Danzig continued to be home for the drink, until the world war. When the land went to Poland, the distillery was shifted to Germany.
Gold, we know is tasteless. So the syrupy liquid on the palate imparts no flavor except for a hint of the herbs.
But who looks for the taste when the fun is in holding the glass against the light and gently swirling it? You will see gold dust rising up like snowflakes.
Goldwasser in a little cut-crystal liqueur glass is a peek into heaven.
The drink became incredibly popular after Louis XVI fell in love with it. Peter the Great of Russia also stumbled upon this gem when he visited Danzig.
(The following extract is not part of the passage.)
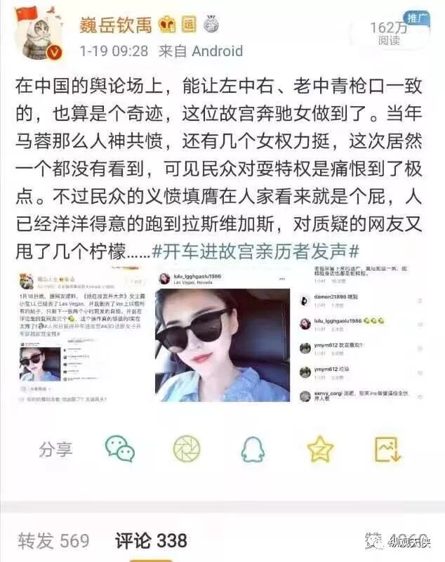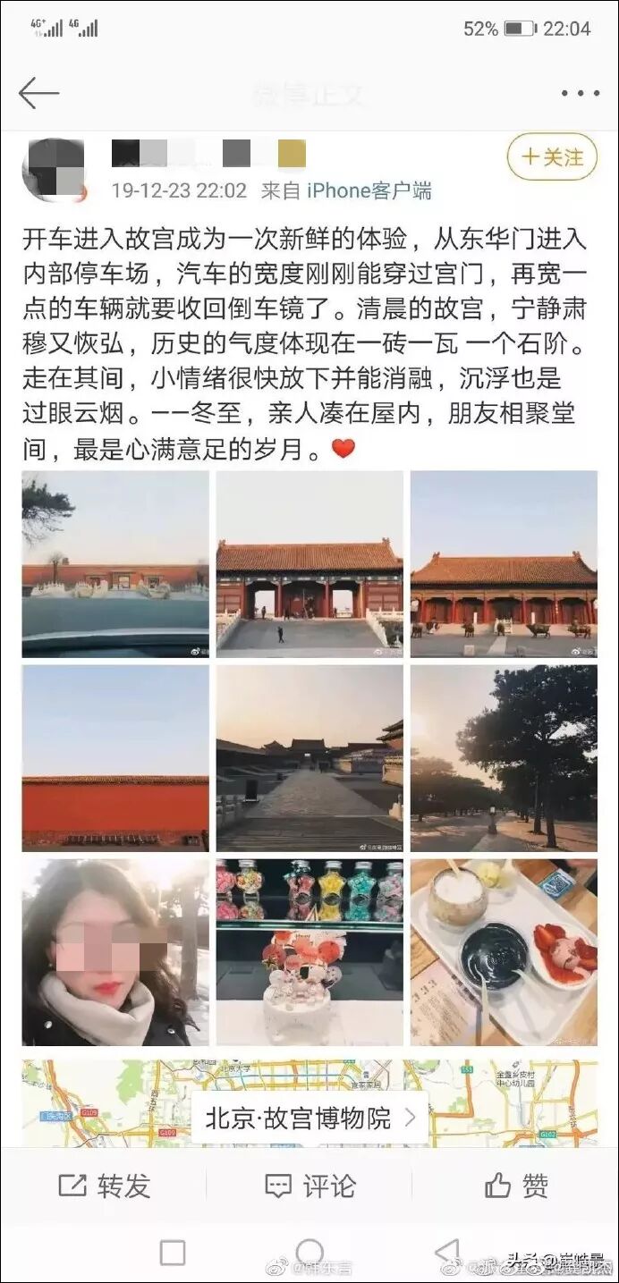 比如,一位女网友被曝出于18年11月“第一次开车进故宫,在车上很兴奋”。

He made sure that he would get a steady supply of Goldwasser to his palace, before he left.
They thought Goldwasser, with specks of gold in it, was the ultimate royal drink.
There are a couple of urban myths about the drink. Some believe that Goldwasser indeed has magical healing effects especially on those with joint problems. And some other people suspect that the gold in it makes microscopic injuries down the mouth and gets absorbed to the blood on the way.
So that we get drunk even before the liqueur touches the stomach.
(Tailpiece: What would our old women say if they find us with the drink? “Siva, siva…you don’t have money to buy an earring for your daughter. But you have money to piss away gold! Kalikaalam…)
🙂 sir gold ullil poville ? atho….
Dear Mr.Manu my man,, my man.. you are the man.. you are.. Ah.. so nice.. so very very nice.. I’m thinking, should I go and look for it now coz I still have a quarter of that Chopin left in my shelf. I may do the gold digging sooner rather than later, I need to see if I can find it here. And if I bring home the Goldwasser today I may face some hated looks and yelling, so to play fair I must wait for a couple of weeks before I bring it home :D. Its history is very tempting and the tailpiece to top it all “piss away gold!!” way to go 🙂 Kalikalam allandethu parayan alle muthasheee!!